When missionaries visit the States and see our opulence, they can’t help but contrast it to the poverty they’ve just left.
But poverty, and riches, are relative. I have two cars. I live in a two-story brick house. I can buy anything I want, within reason. I’ve never known hunger. What should I do if confronted by the poverty of the Third World?
I’ll tell you what I have done. I loan my cars to missionaries when they are home on furlough—and I buy the gas and pay the repair bills. My house stays filled with people in need of ministry. I give a large percentage of my income to support those in ministry and to feed the poor. Ten years ago, my wife Jackie and I moved out of a small subdivision to our present house on 20 acres in a semi-rural setting. By today’s standards we got it at a steal. But for five years both of us lived with a deep-seated guilt because we had such a nice place. That has passed. I simply see my purchase as a wise move. I no longer believe God condemns prosperity. Indeed, I think He desires it for us—as long as we use what we have for His glory.
On the other hand, I too am appalled by what is going on in some sectors of Western Christendom. Extravagance grieves me. Yet, extravagance is relative to culture. Recently I helped deliver an evaporative cooler to a Christian Indian living in a dirt-floored two-room hut in the Mexican desert, that provided him—and the 10 people in his tiny house—a degree of comfort. But in the eyes of his neighbors, it was sheer extravagance.
I admire the way Sen. John D. “Jay” Rockefeller IV approached his job as a volunteer in the antipoverty program with the kind folks of Emmons, West Virginia (population 200), as a Peace Corps worker. “I come from a world that may be different, but you’ll find me serious and caring and wanting to help,’” he told them. Those grateful people later elected him governor—then U.S. senator. That, it seems, put riches in the right perspective.
What has God told me to do? He’s told me to withhold judgment from His servants—to be kind, tenderhearted and forgiving—even if I do not understand.
For instance, God did not tell me to build a splendid university as He told Oral Roberts. But I’m glad Oral obeyed, and I’ve sent him four of my five children to educate.
I’ve looked but I cannot find a single biblical injunction to tear down what others are doing in the name of Jesus. My call? To use the things I control to God’s glory—and allow my brothers to answer to God for the things they control.
Once I spent a week in a Catholic monastery with about 50 of the nation’s charismatic leaders. We were miles apart in doctrine. Some were classic Pentecostals. Some were liberals. Several were Catholic priests. We spend all week listening to each other.
At night, when we finished with the day’s activities, we went down to the kitchen for snacks. Some drank beer, some lemonade. One afternoon I listened to a devoted Catholic scholar tell how Mary encouraged him to love and worship Jesus. The week did not change my doctrine, but it softened my spirit.

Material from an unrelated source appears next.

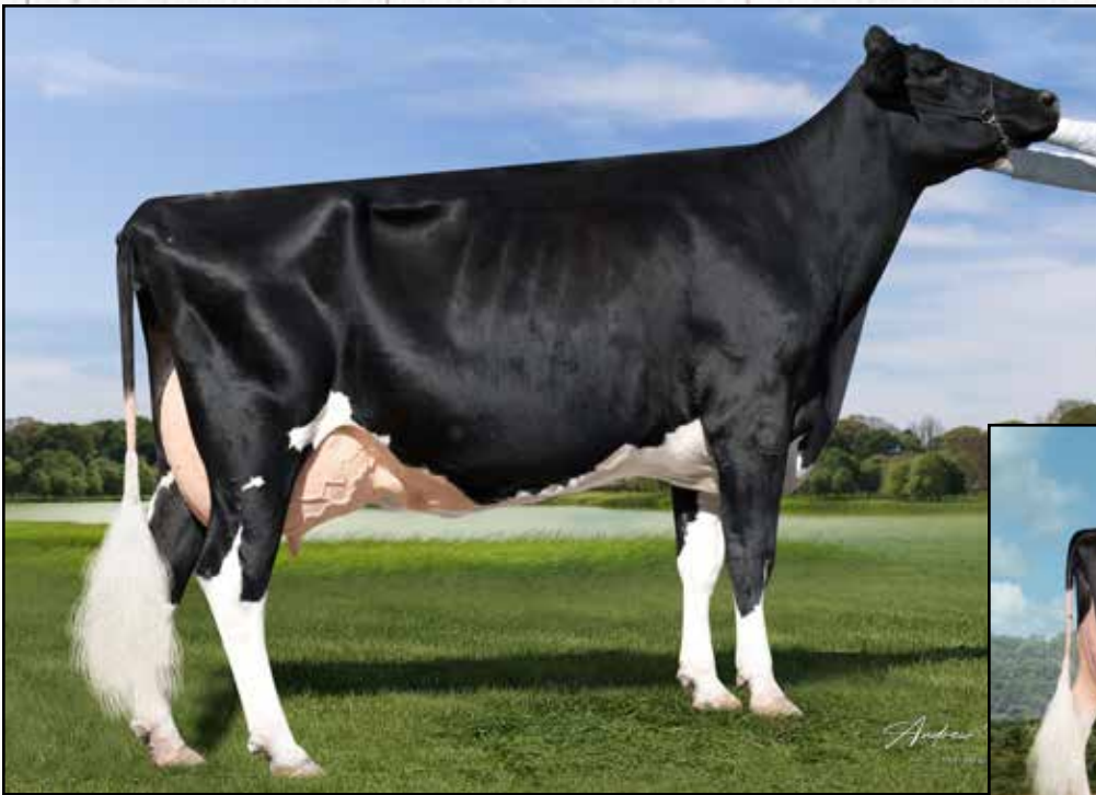
BLUFF-RIDGE SID DOTTIE VG-88 SELLS AS LOT 71

I wish some of my friends who are so critical of Catholics would take a week each year, as I do, getting to know these folks and listening to their hearts. Perhaps they would come away as I do, realizing God is bigger than our interpretation of the Bible and that all men who are committed to the Lordship of Jesus Christ are brothers.
As I examine my past critical attitude of the lifestyles and doctrines of others, I realize most of it has come from secondhand knowledge. Recently I sat in a ministry’s conference in Tulsa and heard Kenneth Copeland preach. I’d never cared for Copeland’s approach, but, again, I’d never heard him in person. That night I left the room a mellowed man.

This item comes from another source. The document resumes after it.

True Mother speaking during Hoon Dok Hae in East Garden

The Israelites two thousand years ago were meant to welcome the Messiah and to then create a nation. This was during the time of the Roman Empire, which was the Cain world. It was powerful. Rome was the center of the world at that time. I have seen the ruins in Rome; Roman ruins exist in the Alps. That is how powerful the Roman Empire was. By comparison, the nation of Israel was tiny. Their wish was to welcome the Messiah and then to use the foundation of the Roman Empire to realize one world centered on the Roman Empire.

Who is right? One who drives a luxury automobile and whose ostentation seems second only to the Taj Mahal? Or my missionary friend who drives a battered car over rocky Argentine roads and wears threadbare clothes? Who is right?

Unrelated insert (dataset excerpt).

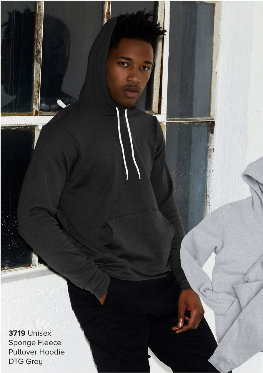
3719 Unisex Sponge Fleece Pullover Hoodie DTG Grey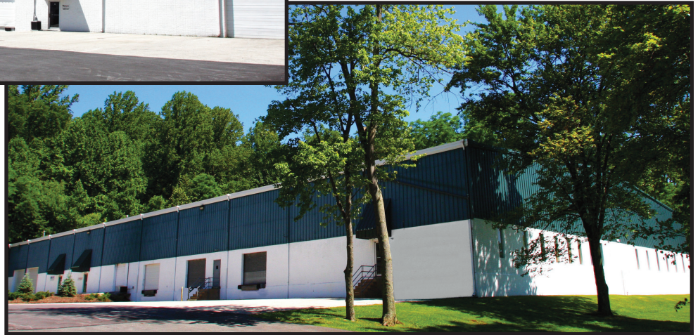
3119 Phoenixville Pike

I suspect, when earth’s last picture is painted, that the bright lights here at home will blend right into the dusty colors painted by my missionary friends, and somehow the picture will come out looking just the way God intended.
Jamie Buckingham wrote 153 columns for Charisma over 13 years, first known as “Dry Bones” but later as it’s most recognized “Last Word.” His singular voice was animated by a heart for Jesus baptized in the power of the Holy Spirit in 1967 at a Full Gospel Businessmen’s convention. Buckingham provided a steadying force during the scandals of the 1980s, penning the seminal article on the PTL scandal, “God Is Shaking His Church” in May 1986.